COLLECTED MATERIAL:
******************************

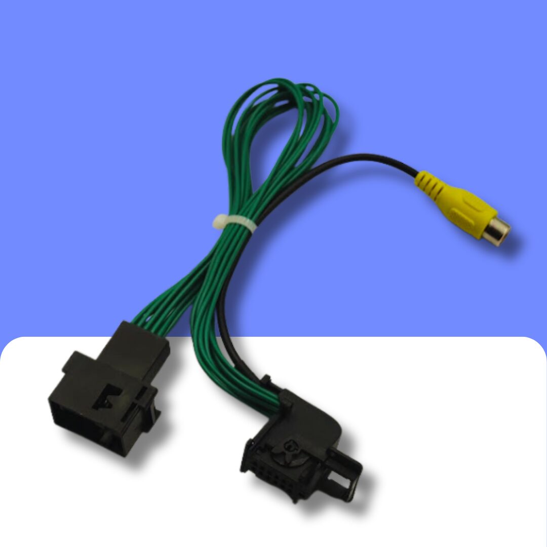 The adaptor has 12 pin male and female connectors on a pass through cable to connect to the API module and the original wiring harness with a RCA Phono camera input.
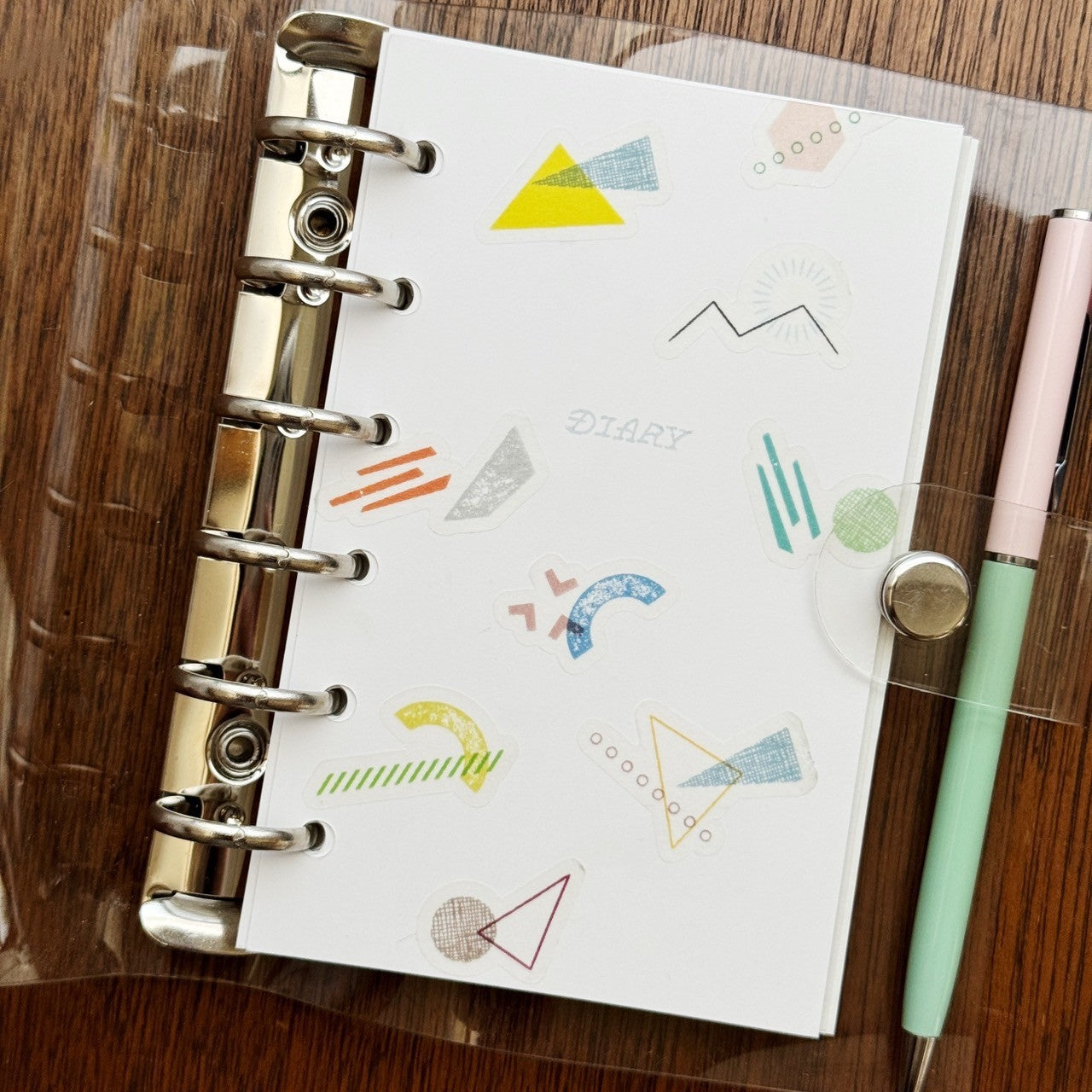 These stickers, made from masking tape washi material, feature a variety of abstract shapes design. They are perfect for adding color and charm to any surface.
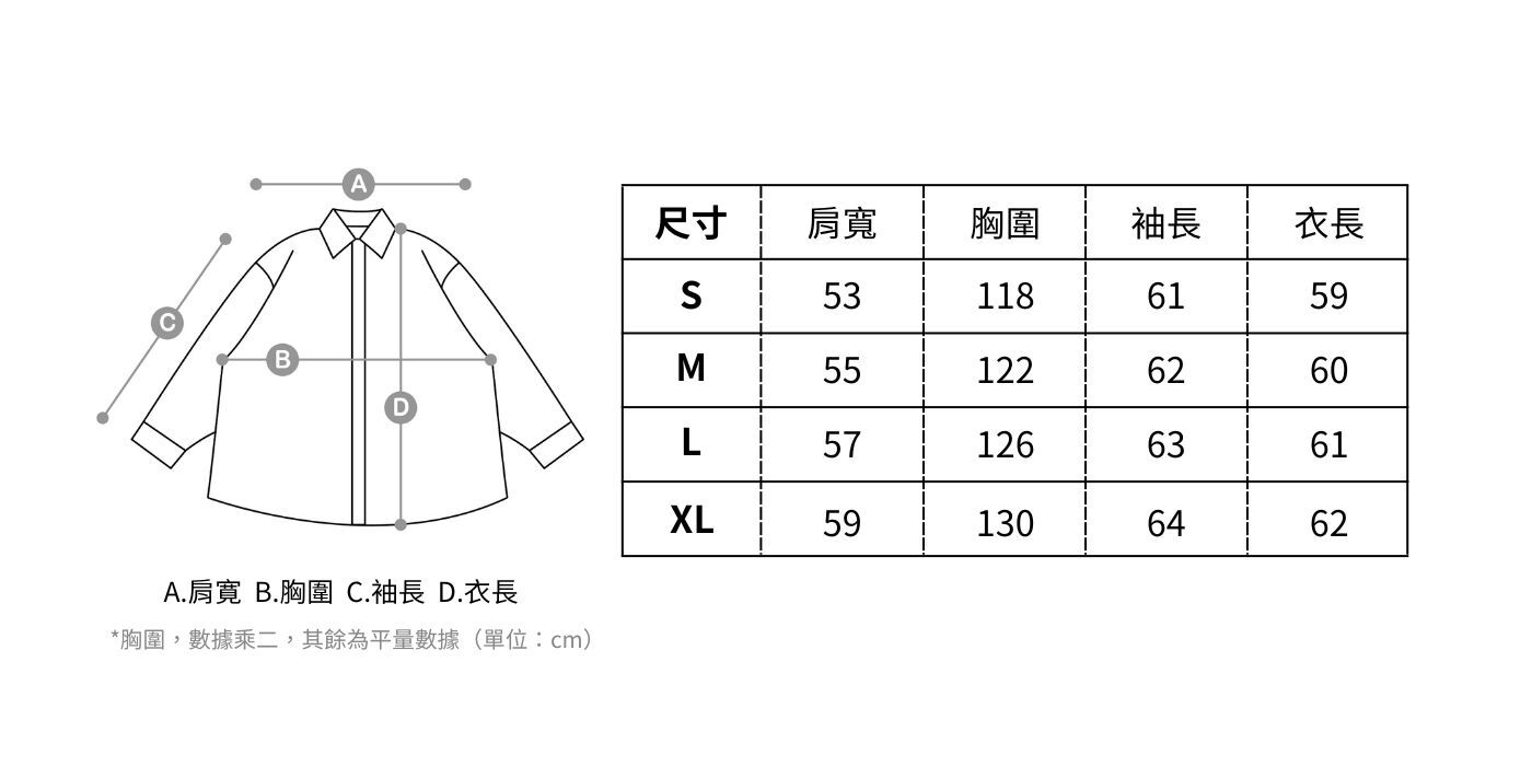 L 肩寬57 / 胸圍126 / 袖長63 / 衣長61

******************************

WHAT YOU ARE ASKED TO DO:
Print all data above verbatim, except pictures.

WRITTEN RESPONSE:
 The adaptor has 12 pin male and female connectors on a pass through cable to connect to the API module and the original wiring harness with a RCA Phono camera input.
 These stickers, made from masking tape washi material, feature a variety of abstract shapes design. They are perfect for adding color and charm to any surface.
 L 肩寬57 / 胸圍126 / 袖長63 / 衣長61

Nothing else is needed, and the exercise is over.